BettinaIn the last years a rapid emergence of lexical resources evolved in the Semantic Web. Whereas most of the linguistic information is already machine-readable, we found that morphological information is either absent or only contained in semi-structured strings. While a plethora of linguistic resources for the lexical domain already exist and are highly reused, there is still a great gap for equivalent morphological datasets and ontologies. In order to enable the capturing of the semantics of expressions beneath the word-level, I will present a Multilingual Morpheme Ontology called MMoOn. It is designed for the creation of machine-processable and interoperable morpheme inventories of a given natural language. As such, any MMoOn dataset will contain not only semantic information of whole words and word-forms but also information on the meaningful parts of which they consist, including inflectional and derivational affixes, stems and bases as well as a wide range of their underlying meanings.
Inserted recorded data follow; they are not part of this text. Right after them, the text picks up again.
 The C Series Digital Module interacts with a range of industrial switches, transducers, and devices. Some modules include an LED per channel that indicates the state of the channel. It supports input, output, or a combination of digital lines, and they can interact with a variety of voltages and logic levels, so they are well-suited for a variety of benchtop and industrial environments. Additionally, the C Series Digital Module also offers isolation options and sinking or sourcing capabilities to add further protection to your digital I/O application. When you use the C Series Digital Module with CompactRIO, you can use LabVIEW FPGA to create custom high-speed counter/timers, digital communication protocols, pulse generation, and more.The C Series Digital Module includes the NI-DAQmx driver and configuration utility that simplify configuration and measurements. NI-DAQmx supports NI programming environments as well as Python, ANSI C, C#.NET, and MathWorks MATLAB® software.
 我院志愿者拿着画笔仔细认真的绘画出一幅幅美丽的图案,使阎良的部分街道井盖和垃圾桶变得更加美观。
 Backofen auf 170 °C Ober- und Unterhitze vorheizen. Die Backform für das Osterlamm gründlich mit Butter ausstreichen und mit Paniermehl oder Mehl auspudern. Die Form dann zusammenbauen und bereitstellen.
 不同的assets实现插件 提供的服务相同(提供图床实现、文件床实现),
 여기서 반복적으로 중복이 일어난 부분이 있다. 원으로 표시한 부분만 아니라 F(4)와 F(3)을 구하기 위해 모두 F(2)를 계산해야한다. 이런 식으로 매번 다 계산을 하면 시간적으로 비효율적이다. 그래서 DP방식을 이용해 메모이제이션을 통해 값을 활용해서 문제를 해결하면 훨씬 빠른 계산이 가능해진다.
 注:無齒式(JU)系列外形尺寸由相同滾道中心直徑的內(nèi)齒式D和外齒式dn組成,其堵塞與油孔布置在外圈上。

Personalised Access and Enrichment of Linked Data Resources by Milan Dojchinovski

MilanRecent efforts in the Semantic Web community have been primarily focused at developing technical infrastructure and methods for efficient Linked Data acquisition, interlinking and publishing. Nevertheless, the actual access to a piece of information in the LOD cloud still demands significant amount of effort. In the recent years, we have conducted two lines of research to address this problem. The first line of research aims at developing graph based methods for “personalised access to Linked Data”. A key contribution of this research is the ”Linked Web APIs” dataset, the largest Web services dataset with over 11K service descriptions, which has been used as a validation dataset. The second line of research has aimed at enrichment of Linked Data text resources and development of “entity recognition and linking” methods. In the talk, I will present the developed methods and the results from the evaluation on a different datasets and evaluation challenges, and the lessons learned in this activities. I will discuss the adaptability, performance of the developed methods and present the future directions.

About the AKSW Colloquium

This event is part of a series of events about Semantic Web technology. Please see http://wiki.aksw.org/Colloquium for further information about previous and future events. As always, Bachelor and Master students are able to get points for attendance and there is complimentary coffee and cake after the session.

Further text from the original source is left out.